Casque d'Officier de Dragons modèle 1845

Afin de remplacer les modèles vieillissants 1825/30, un nouveau modèle est essayé dès 1844, en faible quantité.

Sur le modèle de troupe et sur le modèle d'officier, la peau de fauve (de la vache marine teintée) remplace le bandeau métallique à la grenade adopté en 1825. Ce modèle à bandeau de peau n'est pas sans rappeler les fastes de la Cavalerie du 1er Empire. A ce titre, il conquiert vite l'enthousiasme de la troupe et des cadres dont le modèle 1825/30 ne donnait guère satisfaction, en particulier par son centre de gravité placé en hauteur et en arrière, ce qui ne manquait pas de déséquilibrer l'ensemble sur la tête du cavalier.


Un an plus tard, en 1845, ce nouveau modèle de 1844 connaît quelques modifications pour parvenir à son dessin final: aussi, afin d'amoindrir encore la question de l'équilibre, les proportions de la bombe sont quelque peu revues à la baisse quant à sa hauteur. Les jugulaires en "huit" striées, comme sur le modèle présenté, sont remplacées par des modèles en forme de maille d'anneaux.

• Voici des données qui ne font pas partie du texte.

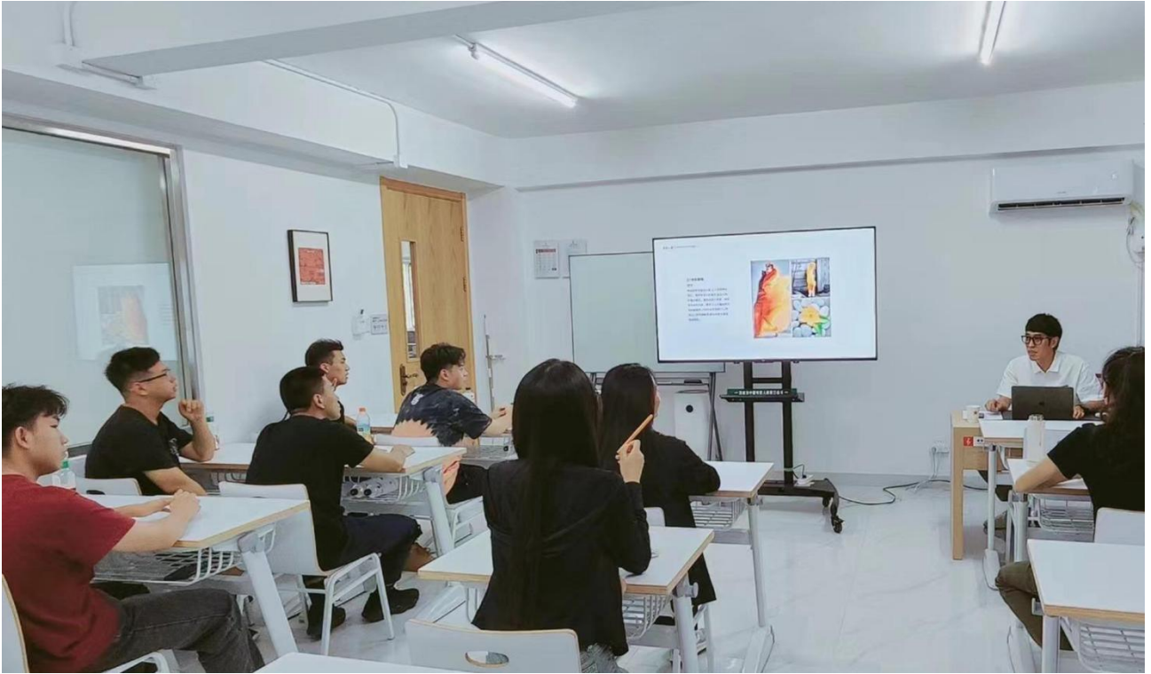
▲图 19 专家参与人才培养方案建设：艺术创作人才参与人才培养制定

Cette dernière modification, sera, dans les faits, et en particulier chez les officiers, peu suivie.

Si l'ancien modèle 1825/30 perdure toutefois jusque dans les années 1850 (il est encore usé lors de la Guerre de Crimée), les modèles - très proches - de 1844 et en particulier de 1845 restent en service jusqu'au début des années 1870, bien que leur nombre diminue à mesure qu'un nouveau modèle, le 1858, aux proportions encore réduites, s'impose à son tour avant de disparaître à l'aube des années 1880, supplanté par le modèle 1872/74.

Le modèle présenté est en parfait état et d'une facture luxueuse: tout y est doré (cimier, bombe, jugulaires); le bandeau est en véritable fauve (bien loin des standards actuels quant au soucis des animaux...). L'intérieur est doré au petit fer.